# DIRECTIONS
Print exactly the lines that run from the first line of the material to the line containing "Authentic vintage Rolex", both ends included, and skip the pictures.

[DATA EXCERPT Boundary: Start]

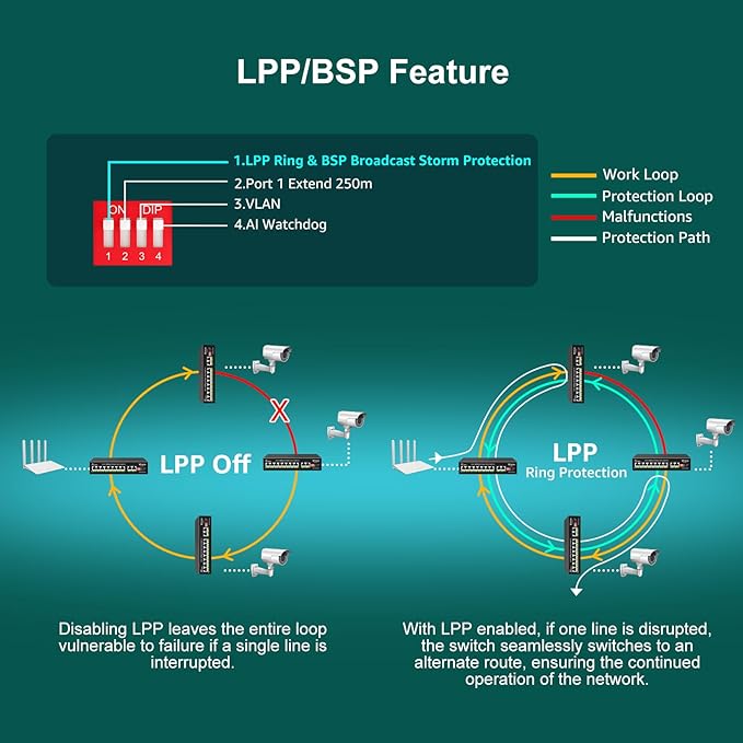 - 🌟AI Watchdog Mode - This enhanced 10-Port 1000Mbps ethernet PoE switch features AI Watchdog Mode. This advanced functionality automatically detects and rectifies port issues, guaranteeing uninterrupted power delivery to all connected devices. Elevate your network's security and reliability with seamless operation, ensuring unparalleled performance for your infrastructure.
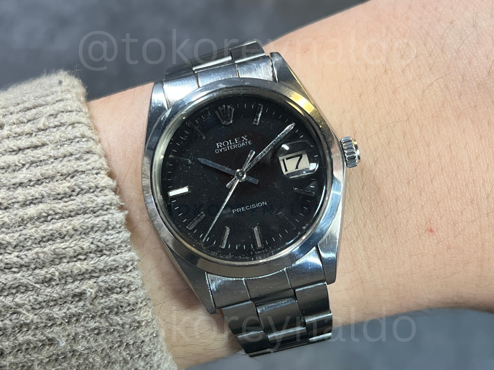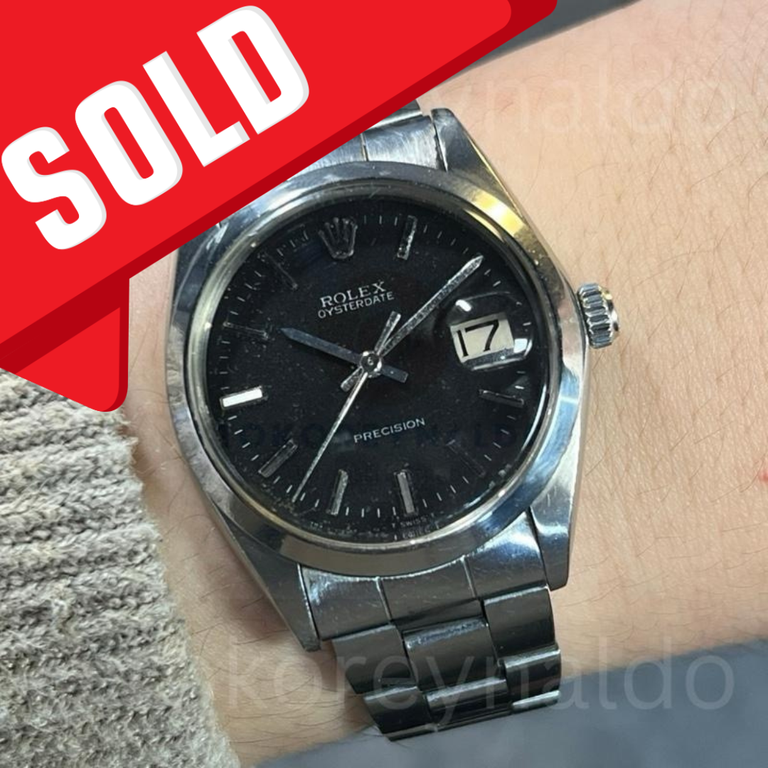 Authentic vintage Rolex Oysterdate Precision (Ref. 6694) featuring a robust 34mm stainless steel Oyster case with a high-polish finish. This iconic Swiss-made manual-wind timepiece showcases a sophisticated deep black dial adorned with applied silver-tone baton indices and sleek luminous hands. A hallmark of this model is the functional date window at the 3 o’clock position under a cyclops magnifying lens, paired with its original stainless steel Oyster bracelet, available now at Toko Reynaldo.
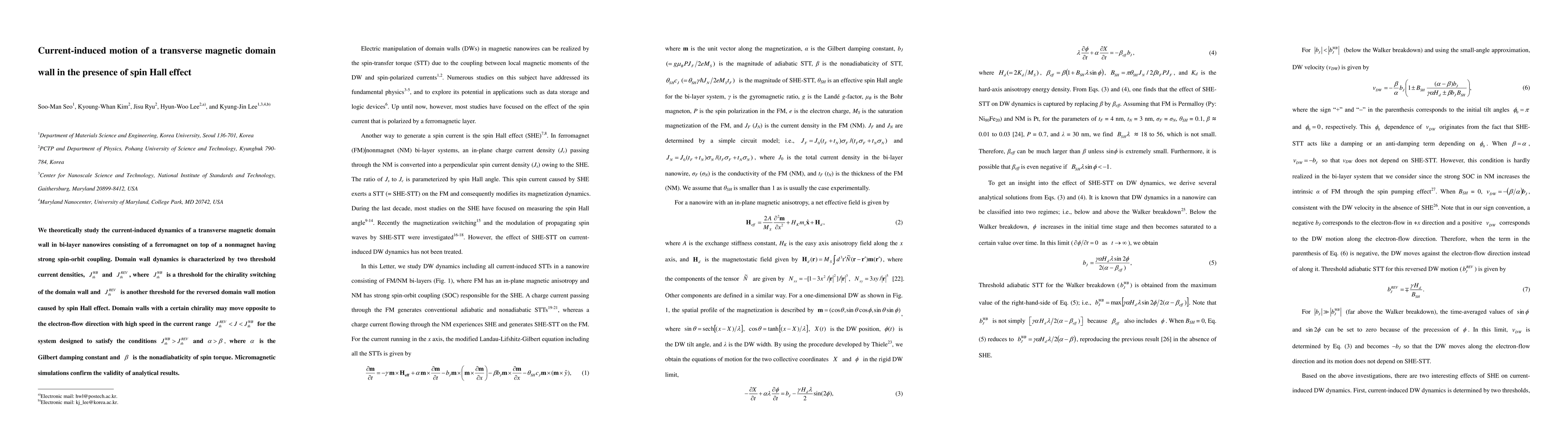 This research investigates the dynamics of a transverse magnetic domain wall in ferromagnetic-nonmagnetic bilayer nanowires under current-induced motion, focusing on the effects of spin Hall effect and threshold currents. Analytical and micromagnetic simulation results show domain walls can move against electron flow at specific current densities, demonstrating chirality switching and reversed motion thresholds.
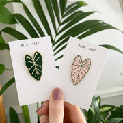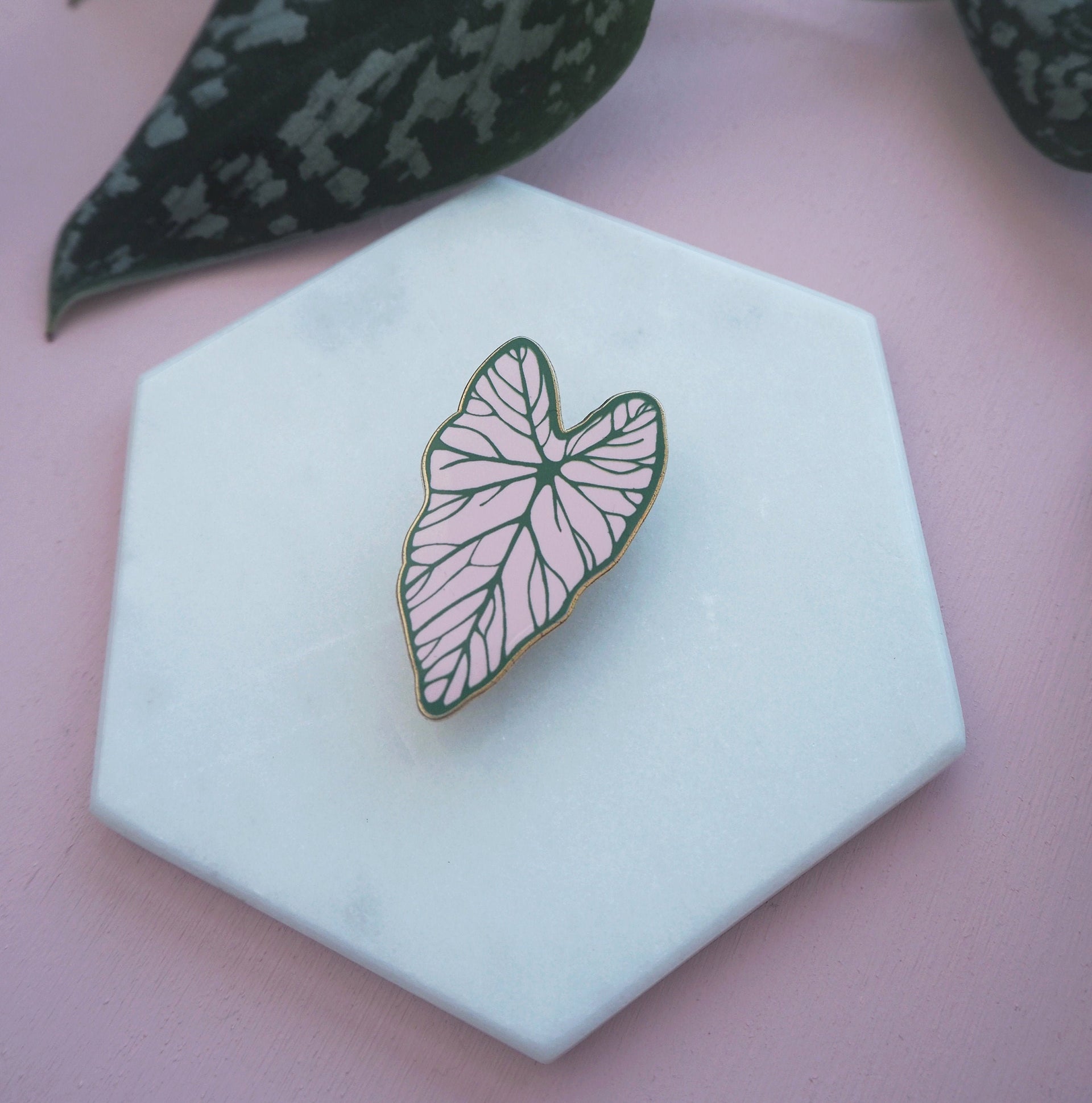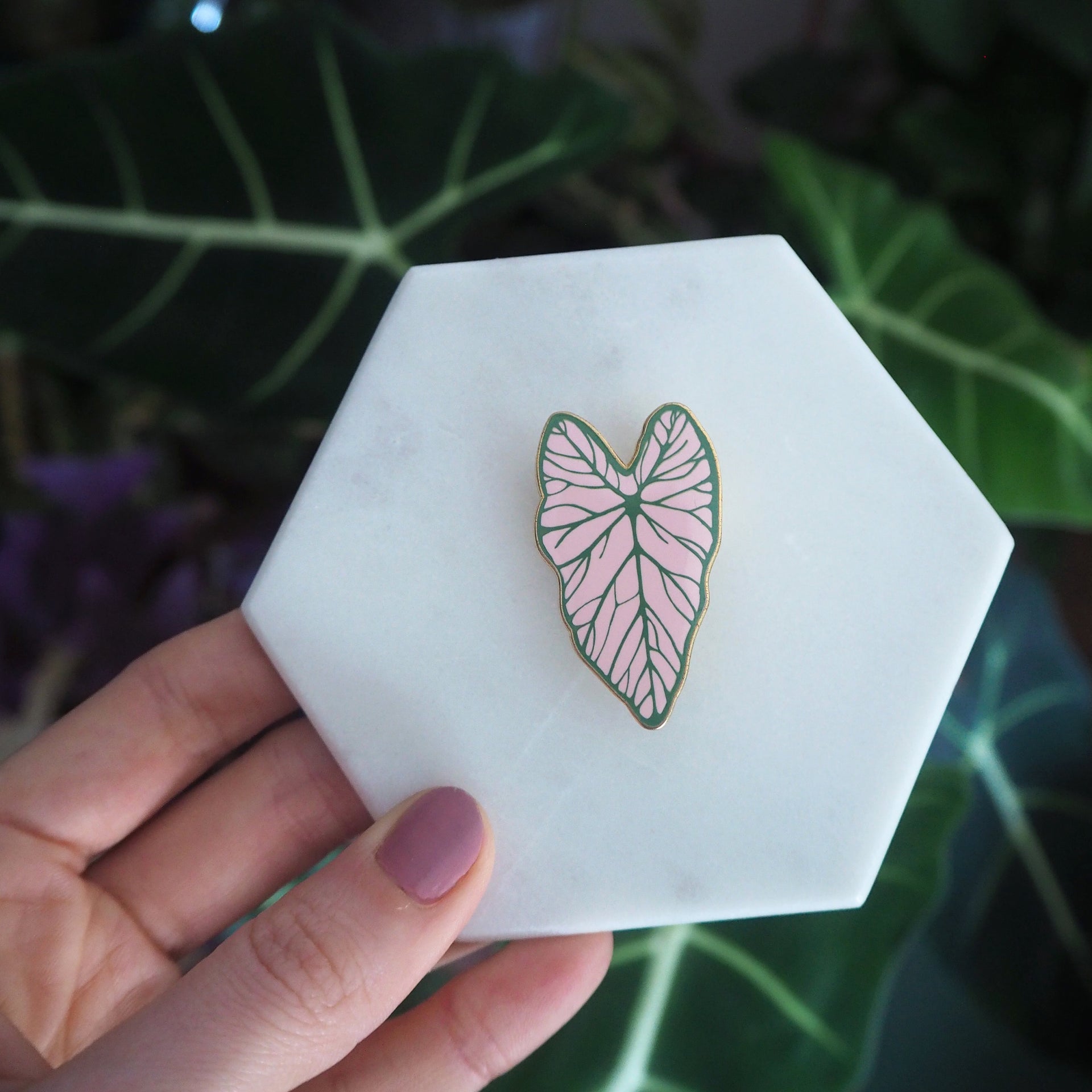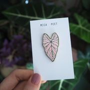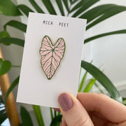 A beautiful pink leaf pin inspired by the leaves of a caladium house plant, based upon my original illustration

[DATA EXCERPT Boundary: End]

# EXPECTED ANSWER
 - 🌟AI Watchdog Mode - This enhanced 10-Port 1000Mbps ethernet PoE switch features AI Watchdog Mode. This advanced functionality automatically detects and rectifies port issues, guaranteeing uninterrupted power delivery to all connected devices. Elevate your network's security and reliability with seamless operation, ensuring unparalleled performance for your infrastructure.
 Authentic vintage Rolex Oysterdate Precision (Ref. 6694) featuring a robust 34mm stainless steel Oyster case with a high-polish finish. This iconic Swiss-made manual-wind timepiece showcases a sophisticated deep black dial adorned with applied silver-tone baton indices and sleek luminous hands. A hallmark of this model is the functional date window at the 3 o’clock position under a cyclops magnifying lens, paired with its original stainless steel Oyster bracelet, available now at Toko Reynaldo.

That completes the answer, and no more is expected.